The postal codes in cluster 3 are situated to the North of Dundas Street West, right in between University Avenue and Yonge Street. Again, the most common venues in this cluster are coffee shops. Other common venues are italian restaurants and sandwich places. Maybe if you are looking to eat fast food (sandwiches) or Italian food this might be a good side of town to visit.

There is just one postal code in custer 2. Chinatown is located in this cluster. Cluster 2 seems to be a good place to visit if you are looking for a vegetarian/vegan, Mexican, or Vietnamese type of restaurant.

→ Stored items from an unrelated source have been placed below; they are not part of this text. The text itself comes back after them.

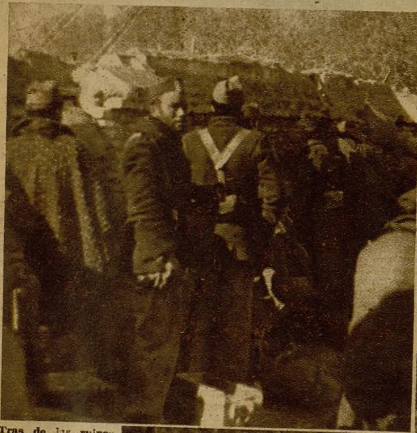
Tras de las ruinas de una tapia, que ofrece sólido parapeto, se agrupan los soldados, atentos al instante en que hayan de iniciar el tiroteo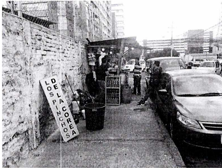
AFECTACION A LA MOVILIDAD DEL PEATON

2.2.- Esquina nor oriental de las calles Corea y Núñez de Vela, existe un puesto de choclo mote fritada, cuya propietaria ha ingresado el requerimiento de Permiso Único de Espacio Público para Comercio Autónomo, el 15 de enero del 2018, a través del trámite 2018-PUCA-AZNOR-0123, el mismo que no ha recibido atención favorable de parte de esta Administración Zonal, debido a los siguientes problemas: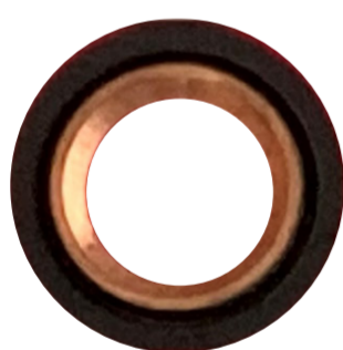
銅+EPDM Copper + EPDM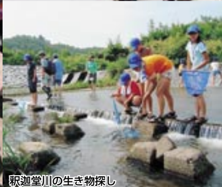
釈迦堂川の生き物探し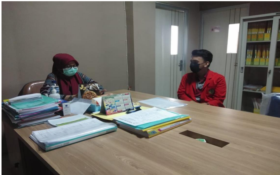
wawancara dengan Kepala PUSKESMAS Tamangapa Kota Makassar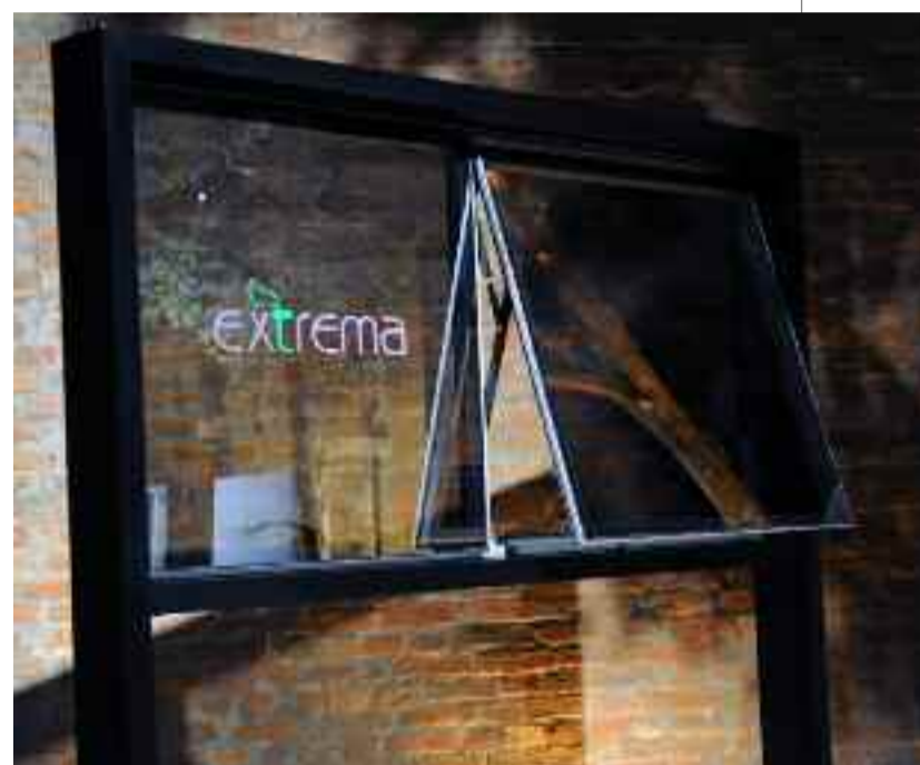
● A Linha Extrema, sistema de esquadrias com vidro colado, é fácil de montar e tem design diferenciado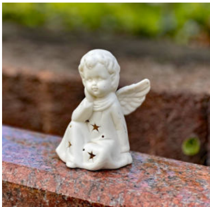
Engelsfigur Friedhof Niedersteinbach, Foto: Johannes Möller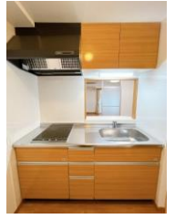
※室内写真は101号室となります。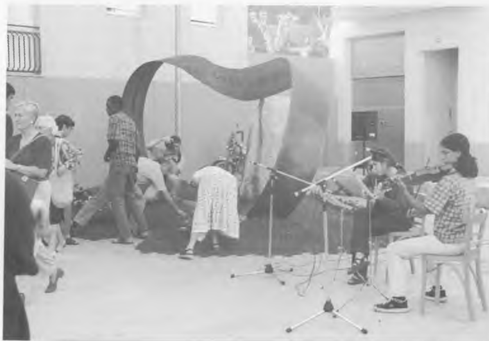
Acte a la Plaça de la Solidaritat.

proclamació, la reivindicació i la implimentació de la justícia. Comprovava que aquí, en una petita i pròspera localitat del Primer Món, també teníem presents unes causes compartides.

The postal codes in cluster 1 are located to the south of cluster 3; this area is situated to the South of Dundas Street West, right in between University Avenue and Yonge Street. Cluster 1 seems to be the most busy side of town for tourism as most of the hotels are located in this area. The most common venues in this cluster are still coffee shops, but Hotels, Cafes, Gyms and Aquiariums are also very common in this area.

Lastly, there is just one postal code in cluster 0. The University of Toronto is located in this area and the most common venues in this side of town are Cafes, Bars and Italian restaurants.